Amsterdam banned demonstrations over the weekend under an emergency order and mobilized additional police officers after what city officials described as antisemitic attacks on Israeli soccer fans during the week.
The order prohibited the wearing of face masks or face coverings and stepped up security at Jewish institutions. It also gave police the power to stop and search people.
This week’s violence unfolded over days around a soccer match on Thursday between Ajax, a Dutch team, and Maccabi Tel Aviv, an Israeli team. Tensions had mounted a day earlier when Israeli fans vandalized a taxi and burned a Palestinian flag in the city. After the game, people on scooters kicked and beat Israeli fans, sending some to the hospital.
The police in Amsterdam initially detained 62 people. By Saturday, most had been released and four were being held, according to Marijke Stor, a Dutch police spokeswoman. The four are all suspected of public violence, she said, adding that one is a 26-year-old who was arrested on Friday after the police identified him from CCTV footage.

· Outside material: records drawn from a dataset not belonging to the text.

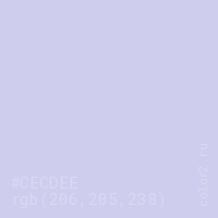 Цвет #CECDEE в цветовой модели RGB обозначается тремя октетами (206, 205, 238) в десятичном формате и #CECDEE в шестнадцатиричном (hex) формате, которые являются интенсивностью красного 206 (hex CE), интенсивность зелёного 205 (hex CD) и интенсивность синего 238 (hex EE).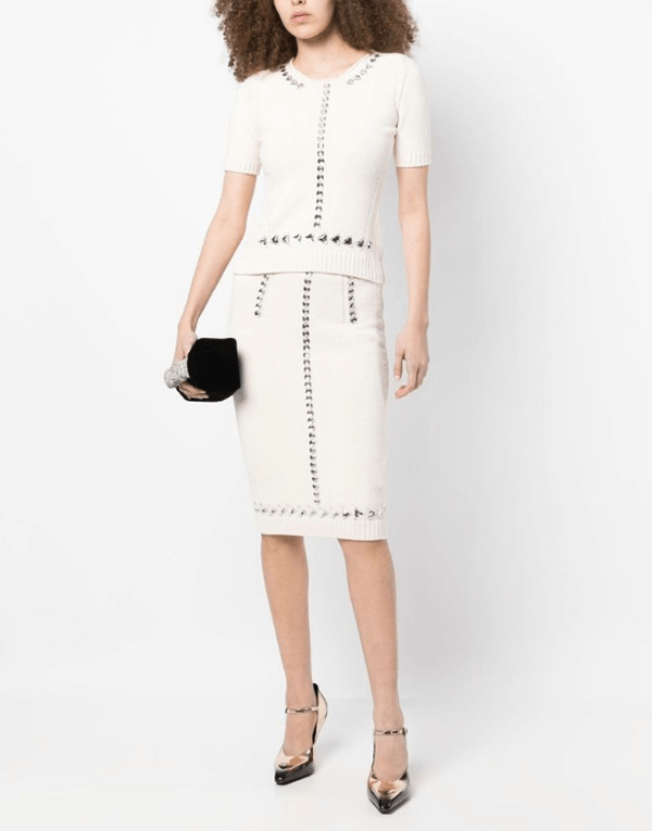 넘버21 크리스탈 장식 반팔니트&펜슬스커트 셋업 [김나영 옷]
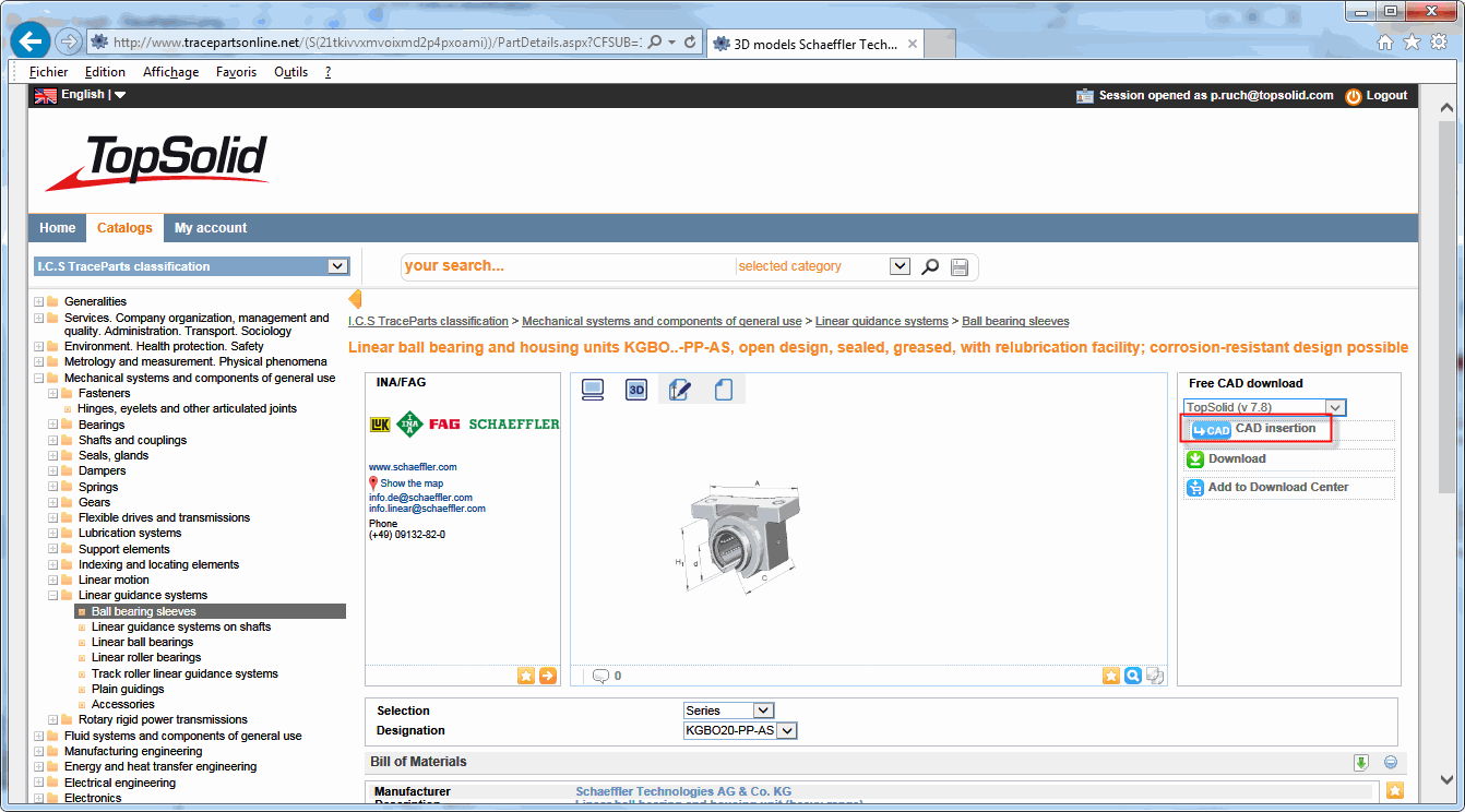 On the website, select a component then click on the CAD insertion button. If you aren't logged in, your login and password will be asked. |

“If people are released, it doesn’t mean they are no longer a suspect,” Ms. Stor said. “Other arrests can still be made, of course, because the investigation is still ongoing,” she added. Prosecutors have not charged anyone, she said.
The tensions had been building up in the city before Thursday’s match.
Pro-Palestinian protests were planned for that day. But on Wednesday, Amsterdam’s mayor, Femke Halsema, had banned demonstrations near the stadium in an effort to stave off violence.
Videos from Thursday showed Israeli fans shouting anti-Arab chants on their way to the match as the police escorted them near Amsterdam’s central train station to ensure their safety amid anger over the Gaza war. One of their chants said: “Why is there no school in Gaza? There are no children left there.”
The police deployed 800 officers to try to maintain order during the game. At the stadium, riot police and mounted officers kept pro-Palestinian groups and Israeli fans apart. Although the game went ahead without violence, there were confrontations in or near the city center.
The Dutch police said that some people riding scooters had kicked and beat Israeli fans in hit-and-run attacks on Thursday, while others pelted them with fireworks. Five Israelis were hospitalized with injuries and were later discharged, the police said, and 20 to 30 others sustained light injuries.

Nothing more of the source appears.